有機農産物とは、化学合成された肥料や農薬を使わず、遺伝子組み換え技術を利用しないなどの条件を満たした農産物のことだ。
農水省は安全性や健康への影響・味について、慣行の農産物と比べて「有意差があるという根拠は当省では持っていない」「科学的知見がそろっていない」としている。
有機農産物等が「より安全」で「健康を増進する」というエビデンスはあるのか、品川区に問い合わせたところ、「農林水産省においても学校給食での有機農産物等の推進についてキャンペーンを行っているが、SDGs未来都市に選定された品川区として、子どもたちに地球環境にやさしい食材を利用することとした」と回答があり、健康増進などの根拠については触れられていない。

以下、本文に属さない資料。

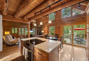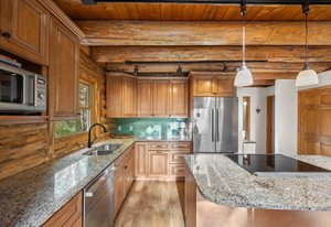 The heart of the home is a warm and inviting two-story great room with soaring ceilings, wood beams, and a woodburning fireplace. The great room flows seamlessly into the kitchen and dining area, creating an open-concept space ideal for gathering and entertaining. From here, step directly onto expansive decks that invite you to enjoy fresh Colorado air, sunshine, and peaceful views.

「子どもたちに、『なぜオーガニックなの?』と聞かれたときに大人は何と説明するのか? 私はものすごく嫌な気持ちになる」(品川区民)
区は“オール有機野菜”の導入について「全区民アンケート等の意見・要望を踏まえた」としている。
「子どもの体は食からきている。すでにオーガニック給食を始めている学校があるのに、品川区は遅れている」「保育園や学校給食の食材をオーガニックにしてほしい。数少ない子どもたちの健康を守っていきたい」などのオーガニック給食の導入を求める声がアンケートの自由記述欄に記載されていたという。
「森澤区長のエビデンスというのがあの会見を見るかぎり、区民アンケートの結果だったりとか。それは科学的根拠とは全く別のデータで。(区政全体に望むことは?)リテラシーを上げてほしい」(品川区民)
現在、区民が発起人になり、給食の食材が有機かどうかにこだわるのではなく、同じ予算で品数や量を充実させるよう求めるなどの署名活動も行われている。
農水省は、有機農産物等が食の安全や健康と関連するかの情報について科学的知見が不十分としながらも、現時点では省の公式サイトなどへの掲載は考えていないという。